● WHAT THE TASK REQUIRES:
When you copy the data that follows, reproduce every word exactly and leave out the images.

[Opening SUPPLIED DATA section]

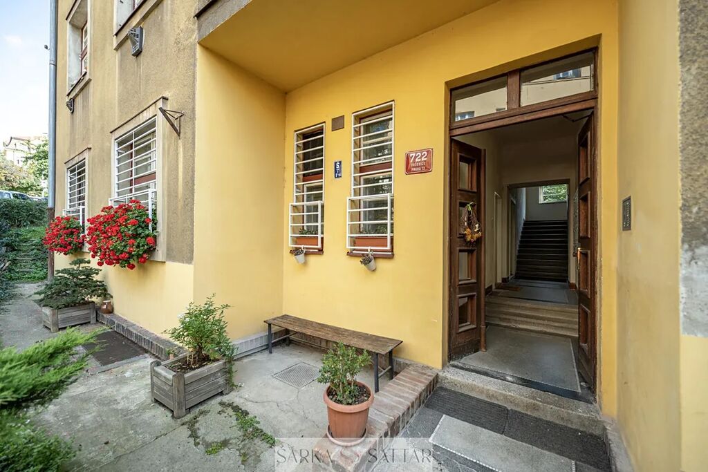 Dům je po částečné rekonstrukci, k bytu náleží podíl na půdním prostoru domu. Předzahrádka je k užívání majitelům bytů o kterou vzájemně pečují. Je zde místnost na nářadí a také kolárna.
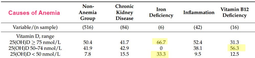 - Anemia 1.9X more likely in white children having lowish vitamin D – Jan 2014
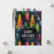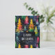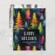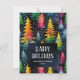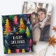 Julbild kort med ett mönster av färgglada julgranar på en mörkblå bakgrund. Whimsical text "God Jul" och dina anpassade namn och år.
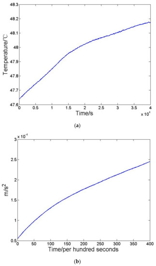 (a) The temperature variation of the accelerometer, and (b) the mean value per hundred seconds of accelerometer outputs.
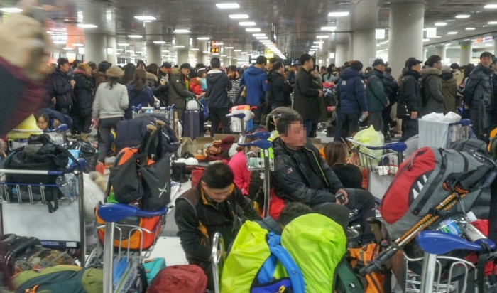 (서울=포커스뉴스) 32년 만에 폭설로 제주국제공항이 폐쇄된지 3일째 되는 25일 오후 제주국제공항 대합실에 모인 관광객들이 항공권을 발권하기 위해 줄을 서 있다.
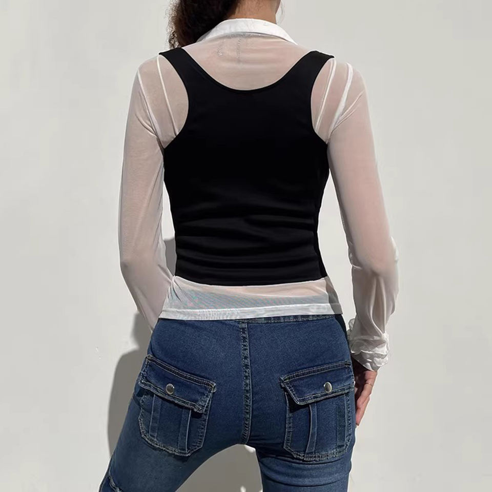 เสื้อกล้ามรัดเอวระบายอากาศสีทึบแขนกุดลำลอง
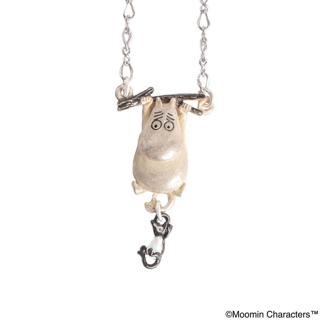 がんばって枝にしがみつくムーミンと、ムーミンの尻尾にねずみのソフスが掴まっているシーンをデザインしたネックレス。
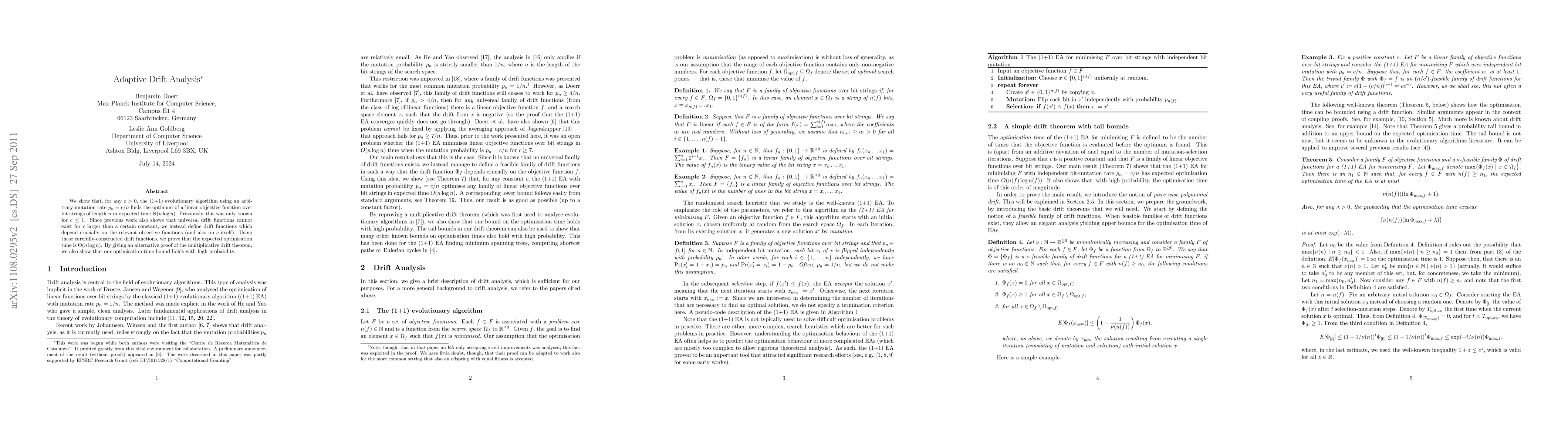 We show that, for any c>0, the (1+1) evolutionary algorithm using an arbitrary mutation rate p_n = c/n finds the optimum of a linear objective function over bit strings of length n in expected time Theta(n log n). Previously, this was only known for c at most 1. Since previous work also shows that universal drift functions cannot exist for c larger than a certain constant, we instead define drift functions which depend crucially on the relevant objective functions (and also on c itself). Using these carefully-constructed drift functions, we prove that the expected optimisation time is Theta(n log n). By giving an alternative proof of the multiplicative drift theorem, we also show that our optimisation-time bound holds with high probability.
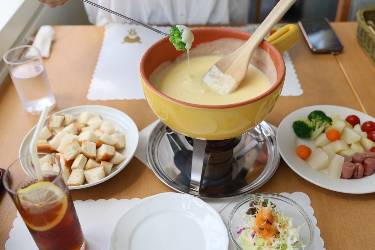蒜山のジャージー牛から作られるチーズフォンデュは、チーズが美味しいので、野菜もパンもさらにおいしく感じました。熱々のチーズフォンデュを蒜山の自然をバックに頂けて最高でした!
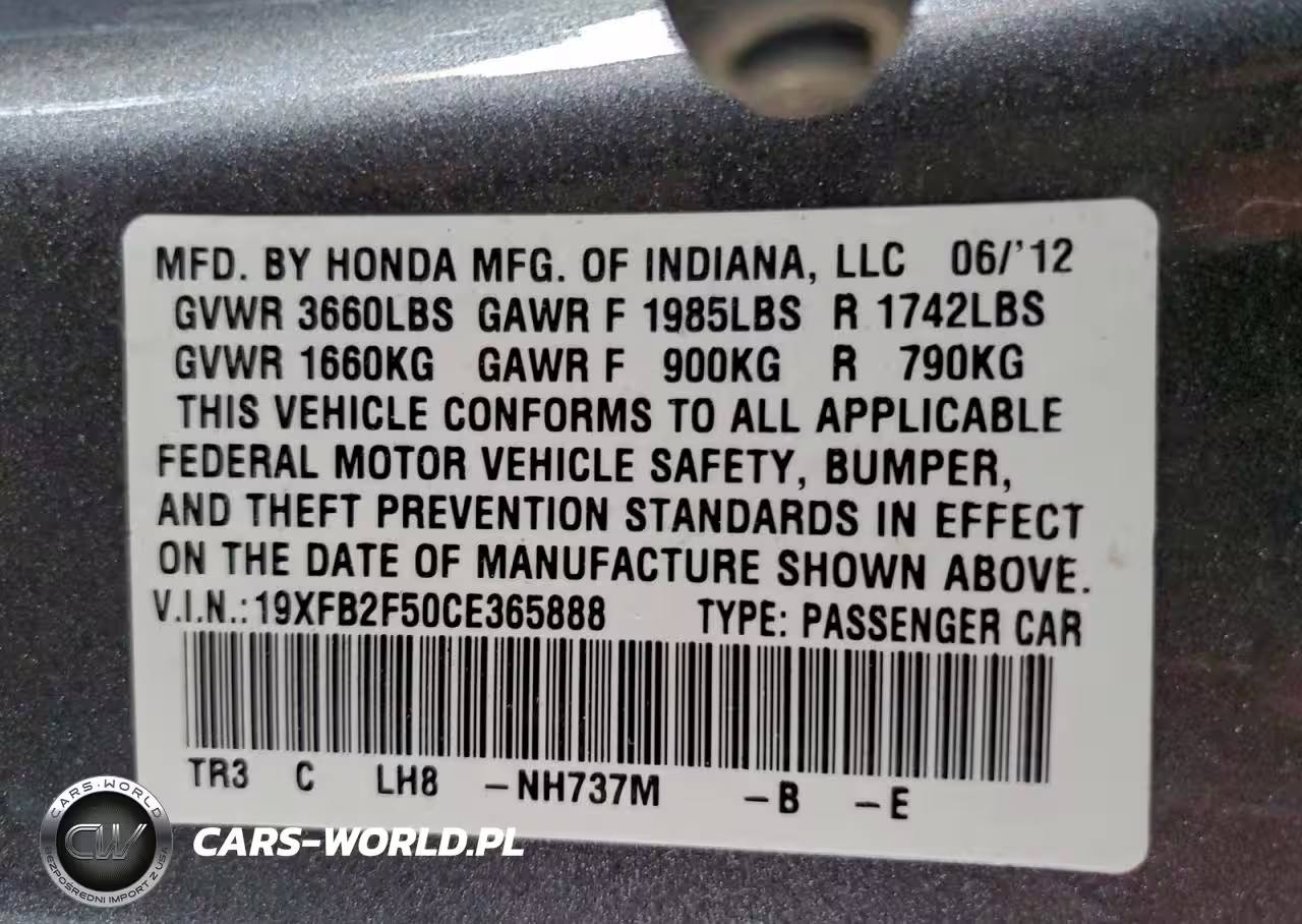 Copart Nr: C-98178695 VIN: 19XFB2F50CE365888 Port: Los Angeles, CA
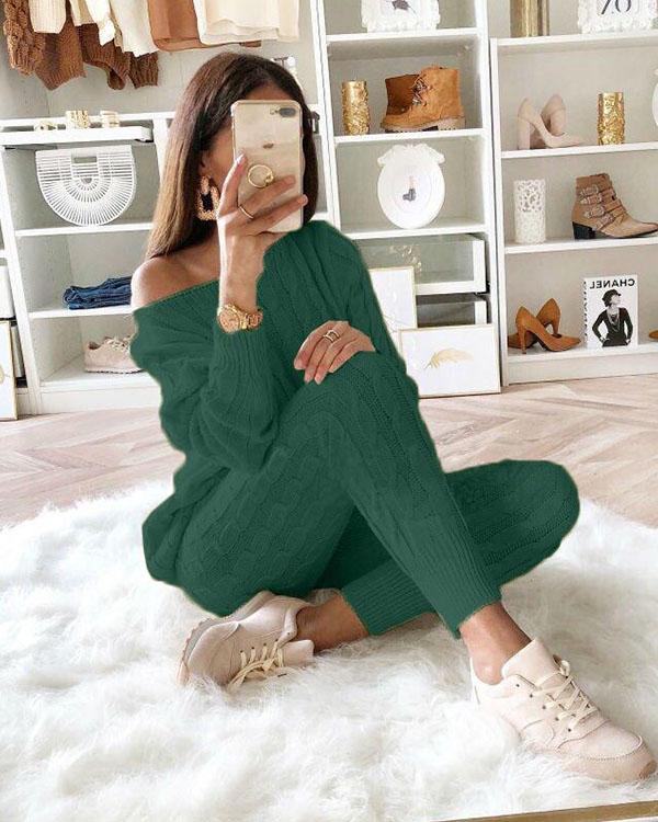 Women’s Stylish Round Neck Two Piece Casual Warm Knit Wear Suit Sets*

[Closing SUPPLIED DATA section]

● ANSWER TO THE EXERCISE:
 Dům je po částečné rekonstrukci, k bytu náleží podíl na půdním prostoru domu. Předzahrádka je k užívání majitelům bytů o kterou vzájemně pečují. Je zde místnost na nářadí a také kolárna.
 - Anemia 1.9X more likely in white children having lowish vitamin D – Jan 2014
 Julbild kort med ett mönster av färgglada julgranar på en mörkblå bakgrund. Whimsical text "God Jul" och dina anpassade namn och år.
 (a) The temperature variation of the accelerometer, and (b) the mean value per hundred seconds of accelerometer outputs.
 (서울=포커스뉴스) 32년 만에 폭설로 제주국제공항이 폐쇄된지 3일째 되는 25일 오후 제주국제공항 대합실에 모인 관광객들이 항공권을 발권하기 위해 줄을 서 있다.
 เสื้อกล้ามรัดเอวระบายอากาศสีทึบแขนกุดลำลอง
 がんばって枝にしがみつくムーミンと、ムーミンの尻尾にねずみのソフスが掴まっているシーンをデザインしたネックレス。
 We show that, for any c>0, the (1+1) evolutionary algorithm using an arbitrary mutation rate p_n = c/n finds the optimum of a linear objective function over bit strings of length n in expected time Theta(n log n). Previously, this was only known for c at most 1. Since previous work also shows that universal drift functions cannot exist for c larger than a certain constant, we instead define drift functions which depend crucially on the relevant objective functions (and also on c itself). Using these carefully-constructed drift functions, we prove that the expected optimisation time is Theta(n log n). By giving an alternative proof of the multiplicative drift theorem, we also show that our optimisation-time bound holds with high probability.
蒜山のジャージー牛から作られるチーズフォンデュは、チーズが美味しいので、野菜もパンもさらにおいしく感じました。熱々のチーズフォンデュを蒜山の自然をバックに頂けて最高でした!
 Copart Nr: C-98178695 VIN: 19XFB2F50CE365888 Port: Los Angeles, CA
 Women’s Stylish Round Neck Two Piece Casual Warm Knit Wear Suit Sets*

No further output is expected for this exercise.